This study highlights an urgent need to improve diagnosis of TB among HIV/TB co-infected children in LMIC. Only 20% of children diagnosed with TB had microbiologic confirmation of disease, and only 22% of cases were tested with NAAT. Similarly, in 2012 we conducted a site-level survey of pediatric ART programs in six IeDEA regions and found that NAAT was available at about one-third of sites; and, among 146 children who developed TB, AFB smear was utilized for 52%, mycobacterial culture for 17%, and NAAT for only 8%.19 Among the many impediments to TB diagnosis in children is obtaining diagnostic respiratory specimens. Performing early morning gastric aspirates can improve diagnostic yield, but requires hospitalization, which is often not practical in LMIC. Capacity to perform sputum induction in the outpatient setting is growing, and can improve diagnostic yield in children unable to spontaneously expectorate sputum. Even when a good specimen is obtained, access to diagnostics may be limited in LMIC. Furthermore, the yield of diagnostics is low due to paucibacillary disease in children, particularly those with compromised immune systems.12,18 Strategies to improve pediatric TB diagnosis should be multifaceted, and might include: improving the accuracy of clinical diagnosis, enhancing the implementation and utilization of current and emerging NAAT platforms,1 and developing non-sputum based diagnostics.33-35
WHO makes a “strong recommendation” that a four-drug IP regimen including ethambutol be used for children from settings where the HIV prevalence is greater than 1% or there is high prevalence (as defined by national treatment programs) of isoniazid resistance, in order to minimize the risk of developing or transmitting drug-resistant TB.6,14 IP regimen did not have an impact on TB treatment outcomes in this cohort, despite about one-quarter of HIV/TB co-infected children not receiving ethambutol.

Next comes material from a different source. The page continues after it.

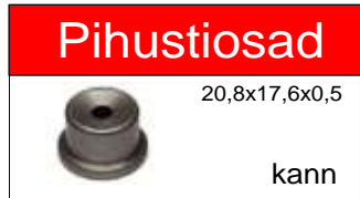
RTM 53 102 = Peugeot, Ford, VM

This study adds to the literature that supports early ART as an important part of TB treatment for HIV/TB co-infected persons,36-39 and as such highlights the concerning observation that only half of ART naïve patients in this cohort were started on ART within eight weeks of TB diagnosis and that 13% of patients were not started on ART during the study period. Other studies have also reported delays in ART initiation,40 and there is some evidence that failing to implement WHO guidelines is associated with substantial mortality.41 Further implementation research aimed at improving access to ART for HIV/TB co-infected children is essential.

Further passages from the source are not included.